Our current config is below:

    <spark.version>[2.3.1,)</spark.version>
    <hadoop.version>2.5.3</hadoop.version>
    <yarn.version>2.7.3</yarn.version>

Is there a config=Dict() option that would allow me to set those in the SparkSession?

It turns out Julia sets read-only permissions to some files of installed packages. If you have fully functional Julia terminal, you can overcome it using ] dev Spark command which will switch to development version of the package and remove all restrictions.

(Pkg.develop("Spark") was also supposed to work, but it didn’t on my system. Anyway, all the files in the package are still owned by you, so you should be able to change the permissions)

Alternatively, you can build Spark.jl JARs manually and provide library versions as parameters:

cd ~/.julia/packages/Spark/kFCaM/jvm/sparkjl/  # or wherever your package is installed
maven -Dspark.version=2.3.1 -Dhadoop.version=2.5.3 -Dyarn.version=2.7.3

Note that whatever method you use, you should have maven installed on your system.
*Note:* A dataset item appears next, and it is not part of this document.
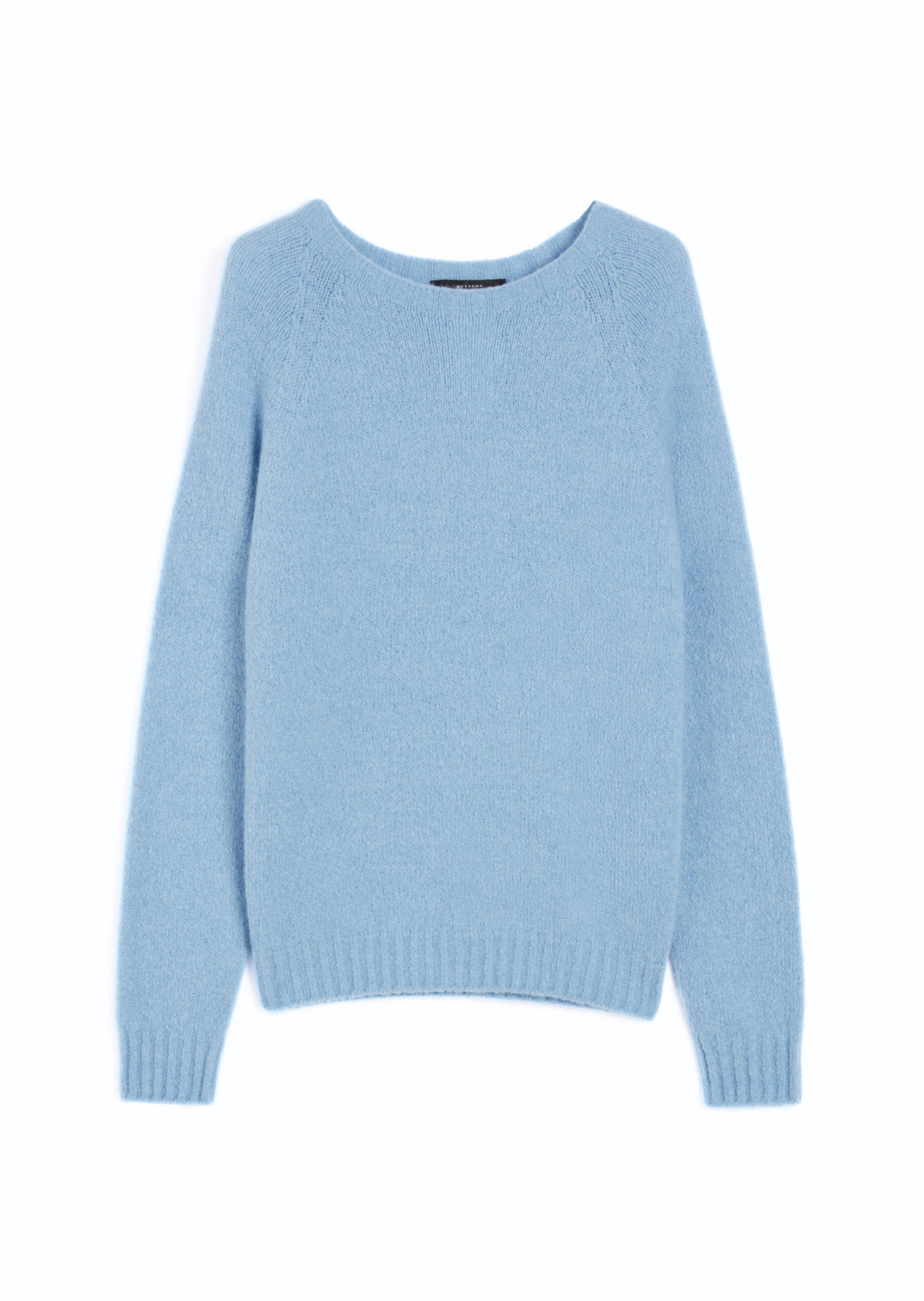 Голубой джемпер Weekend Max Mara из пряжи с альпакой и хлопком. Мягкий и тактильно приятный, он выполнен в расслабленном крое с круглым вырезом и длинными рукавами-реглан, что придаёт образу непринуждённость. Средняя длина делает модель универсальной для многослойных сочетаний. Изделие гармонирует с джинсами, брюками из шерсти и юбками прямого кроя. Этот свитер — воплощение повседневной мягкости и лаконичного стиля Weekend Max Mara, созданного для комфорта в деталях.

@dfdx It appears that I am not allowed to install Maven on the platform. I have tried several times but the build bombs out with an unexpected error. I guess at this point we gave a hell of a try to get this figured out.
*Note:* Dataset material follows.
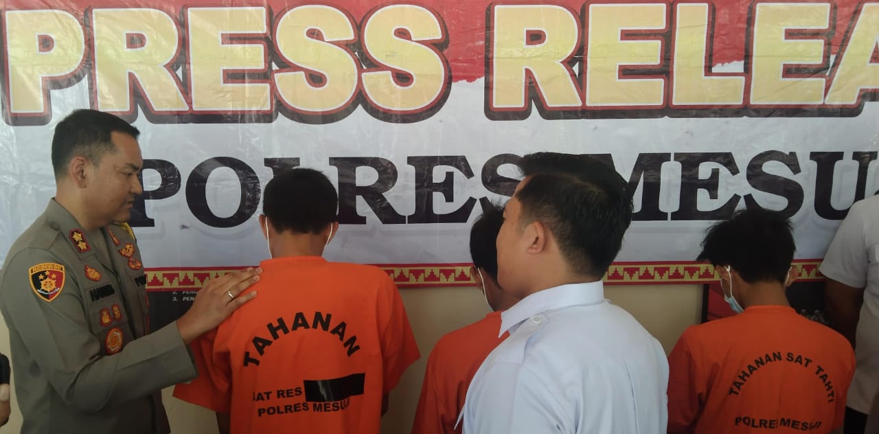 Dipaparkan Kapolres, ketiga orang diantaranya berinisial “JV” berhasil diamankan di Jalan Simpang Pematang, pada hari Rabu tanggal 7 Agustus 2024. Pengungkapan Polsek Simpang Pematang diawali dengan adanya informasi dari warga yang resah dengan adanya seseorang yang sering melakukan pemerasan atau pemalakan di kawasan Register 45 Kecamatan Mesuji Timur Kabupaten Mesuji.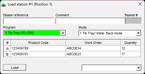 - Scan du Product Code (Produit). Règle définie selon RegEx. Le système contrôle que ce numéro existe dans la base de donnée Optima. Le premier Product Code défini le programme à utiliser. Chaque Product Code supplémentaire doivent avoir le même programme de lavage lié dans la base de donnée.

I will attending the conference in July, maybe we can get together if you are going to see if being face to face makes this easier to resolve.

I don’t know what else we can do at this point. If you have any other ideas, I will keep trying them out.

Thank you for all your help trying to get this resolved.